In 2013, the Apoptosis GO working group provided curators with detailed annotation guidance, in the shape of an apoptosis curation manual enriched with annotation examples (http://wiki.geneontology.org/index.php/Apoptosis_Curation_Manual). This guidance supported a significant curation effort that focused mostly on human and mouse apoptosis players and regulators. Feedback from curators was channeled into further polishing and adding to the apoptosis branch of the ontology. Ontology work was also done on cell death modalities other than apoptosis, with a focus on necroptosis as this was identified as a growing field of research. This effort included annotation of necroptosis players from recent literature. As a result of all the above, in 2013 over 5,000 manual annotations were added or revised in the branch under GO:0008219 'cell death'.
We are now reaching the end of the ontology changes for the viral processes and cellular components in GO. This work has affected 334 biological process terms and 67 cellular component terms. We are drafting a paper to be submitted to BMC Microbiology.

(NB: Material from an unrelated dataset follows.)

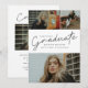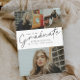 Este convite de formatura moderno e elegante apresenta formando em letra cursiva e nome personalizável, escola e colagem de três fotos na frente. O verso tem detalhes adicionais e uma quarta foto. Uma ótima maneira de mostrar seu formando.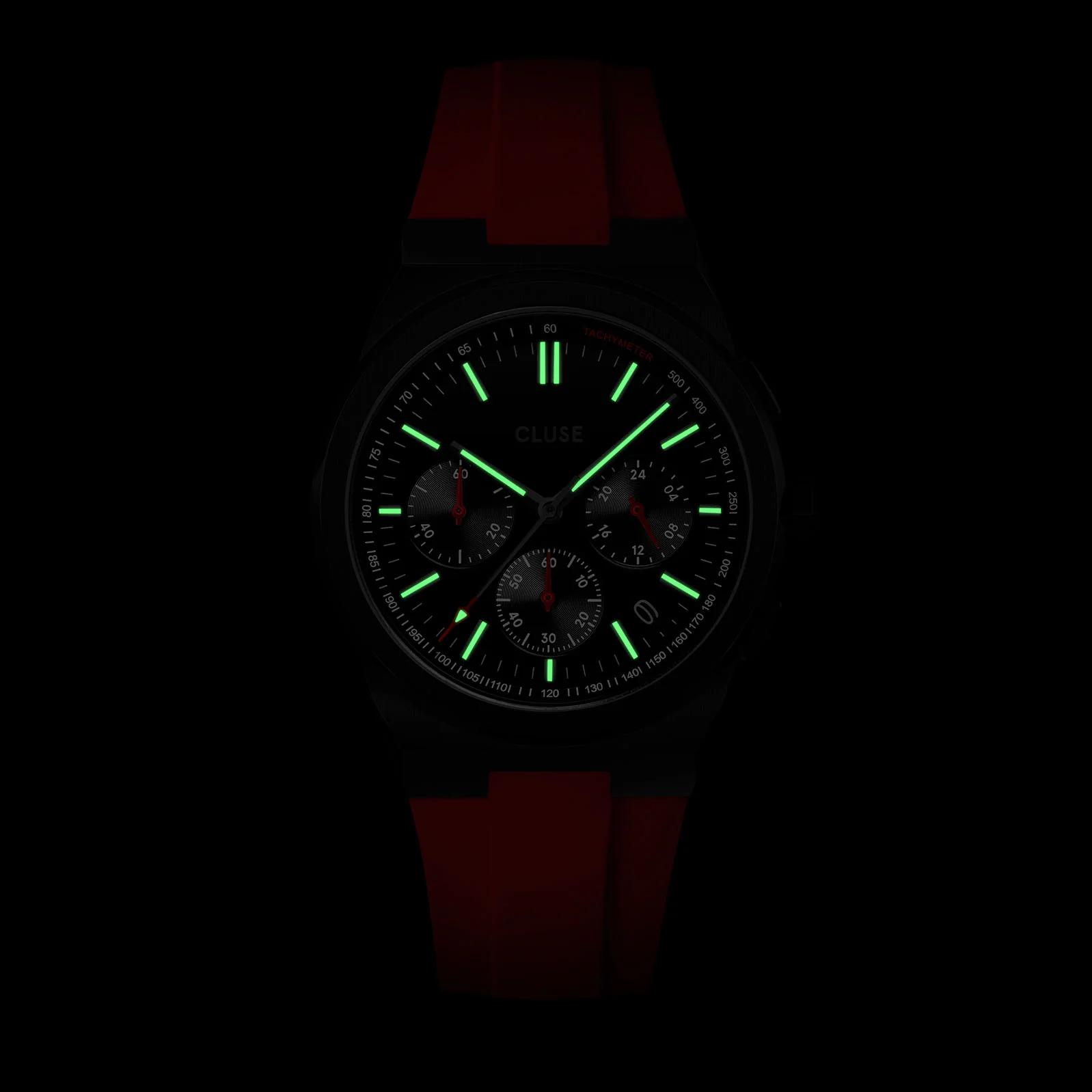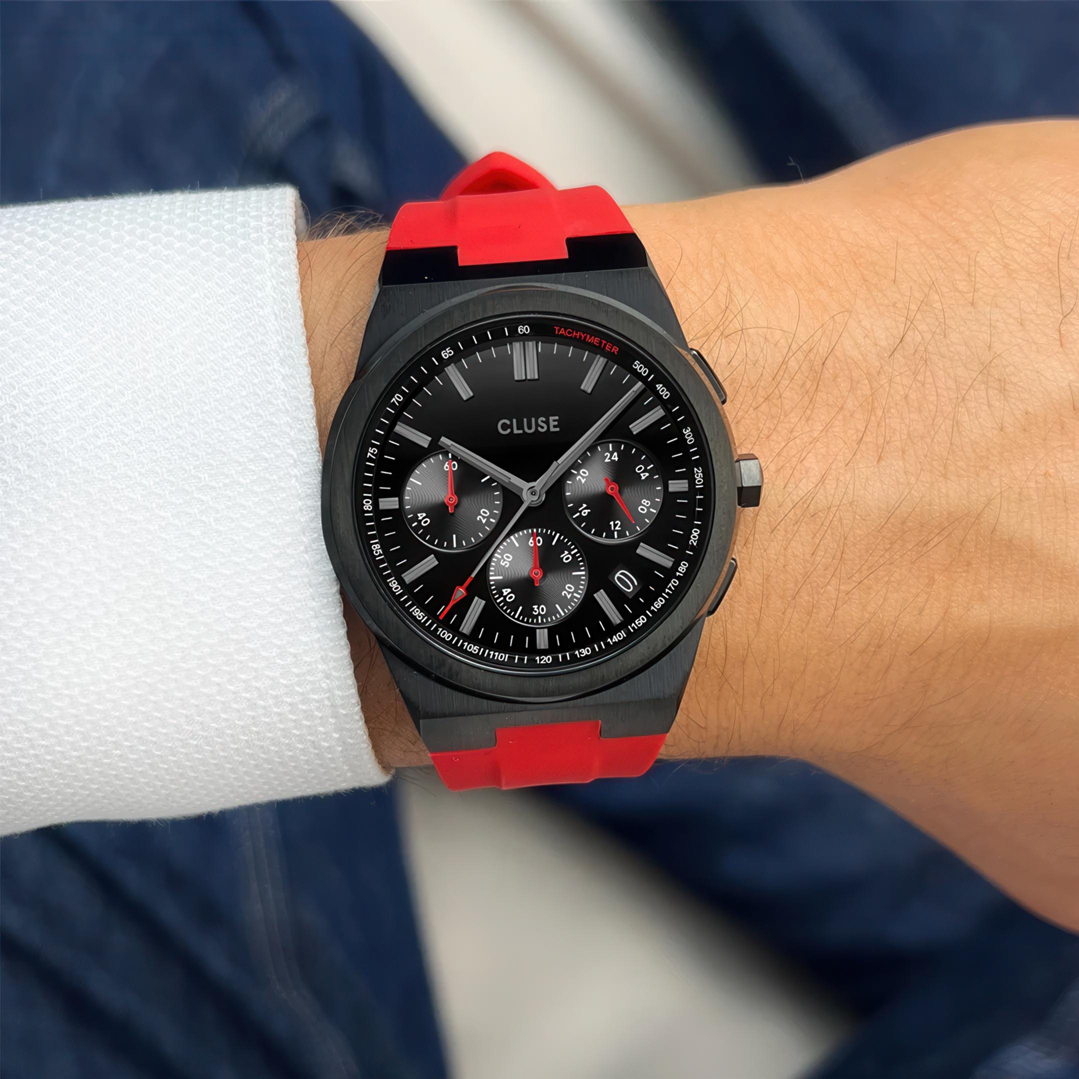 Мужские наручные часы Cluse Vigoureux CW20810. Точный кварцевый механизм с аналоговой индикацией. Полимерный ремешок. Натуральный полимерный материал является идеальным для изготовления ремешка благодаря своей чрезвычайной прочности и гибкости. Функция хронографа. Браслет из нержавеющей стали. Прочное, устойчивое к царапинам минеральное стекло защищает часы от повреждений. На циферблате отображается текущее число месяца. Часы являются водонепроницаемыми до 5 Бар. Цвет циферблата: Черный. Цвет корпуса: Черный. На стрелки и отметки нанесен светонакопительный состав, благодаря этому считывать информацию с циферблата возможно и в темноте. Толщина: 11 мм. Гарантия: 2 года.

Metabolic Pathways (Glycolysis)
We have begun work on better modeling metabolic pathways by choosing a universal pathway that although straightforward still presents challenges for GO representation, glycolysis. Taking advantage of the knowledge in the Reactome resource, we have been working with an expert from reactome to represent the pathway in the GO framework. As a test-case for the representation of other metabolic pathways in GO, we have begun creating has_part links between the biological process and the molecular functions that are always a part of a process. We are exploring the use of these representations to create individual views that can be used in a modular annotation framework.